A. Confocal images of a rat retinal arteriole within a wholemount preparation immunolabelled for TRPV4 (green), eNOS (red channel; endothelial cell marker) and α-smooth muscle actin (pseudo-coloured blue; smooth muscle cell marker). Images have been segmented on the basis of the α-smooth muscle actin expression to specifically isolate the blood vessel staining. Scale bars = 10μm B. Confocal images of rat retinal wholemount preparations immunolabelled for TRPV4 (green) and eNOS (red) in the absence (i) and presence (ii) of anti-TRPV4 blocking peptide (BP). “a” arterioles, “c” capillary and “v” venule.
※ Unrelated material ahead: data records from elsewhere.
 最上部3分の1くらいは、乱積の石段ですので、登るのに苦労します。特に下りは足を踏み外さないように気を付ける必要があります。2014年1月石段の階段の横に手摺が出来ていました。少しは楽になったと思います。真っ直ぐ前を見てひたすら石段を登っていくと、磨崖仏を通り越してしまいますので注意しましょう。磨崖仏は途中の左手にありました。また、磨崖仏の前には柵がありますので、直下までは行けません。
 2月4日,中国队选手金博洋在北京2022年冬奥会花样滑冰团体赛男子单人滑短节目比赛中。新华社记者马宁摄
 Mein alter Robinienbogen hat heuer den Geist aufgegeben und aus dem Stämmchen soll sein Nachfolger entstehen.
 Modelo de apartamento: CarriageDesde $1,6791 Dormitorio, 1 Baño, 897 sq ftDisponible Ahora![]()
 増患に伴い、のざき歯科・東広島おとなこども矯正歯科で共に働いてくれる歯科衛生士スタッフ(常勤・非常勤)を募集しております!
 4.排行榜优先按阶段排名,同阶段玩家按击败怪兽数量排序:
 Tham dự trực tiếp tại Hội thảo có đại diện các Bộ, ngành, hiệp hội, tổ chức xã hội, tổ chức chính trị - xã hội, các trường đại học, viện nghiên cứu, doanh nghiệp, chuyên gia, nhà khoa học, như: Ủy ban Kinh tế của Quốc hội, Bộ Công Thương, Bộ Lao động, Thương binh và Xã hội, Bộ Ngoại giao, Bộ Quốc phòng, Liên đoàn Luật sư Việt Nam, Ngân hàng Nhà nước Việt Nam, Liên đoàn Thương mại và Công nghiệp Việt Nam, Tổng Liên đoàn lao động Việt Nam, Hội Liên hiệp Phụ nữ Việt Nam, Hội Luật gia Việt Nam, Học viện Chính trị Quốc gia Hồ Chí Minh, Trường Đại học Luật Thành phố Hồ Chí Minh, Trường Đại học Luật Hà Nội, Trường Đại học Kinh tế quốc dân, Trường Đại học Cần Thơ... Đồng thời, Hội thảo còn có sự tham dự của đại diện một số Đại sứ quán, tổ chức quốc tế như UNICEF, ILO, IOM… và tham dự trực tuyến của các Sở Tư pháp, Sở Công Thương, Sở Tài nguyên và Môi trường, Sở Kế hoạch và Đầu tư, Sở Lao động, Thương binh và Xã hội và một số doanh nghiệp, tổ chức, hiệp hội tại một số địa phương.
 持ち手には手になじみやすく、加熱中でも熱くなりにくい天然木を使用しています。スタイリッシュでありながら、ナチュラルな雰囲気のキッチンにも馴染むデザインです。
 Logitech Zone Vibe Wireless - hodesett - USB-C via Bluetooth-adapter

Scale bars = 10μm C(i) Immunohistochemical staining for TRPV4 shows downregulation in both retinal arterioles (“a”) and capillaries (“c”) for diabetic animals. Scale bars = 15μm. (ii) Summary data for TRPV4 immunofluorescence. 4–5 fields of view were averaged for each of 4 animals in 3-month diabetic and age-matched control groups (P<0.001).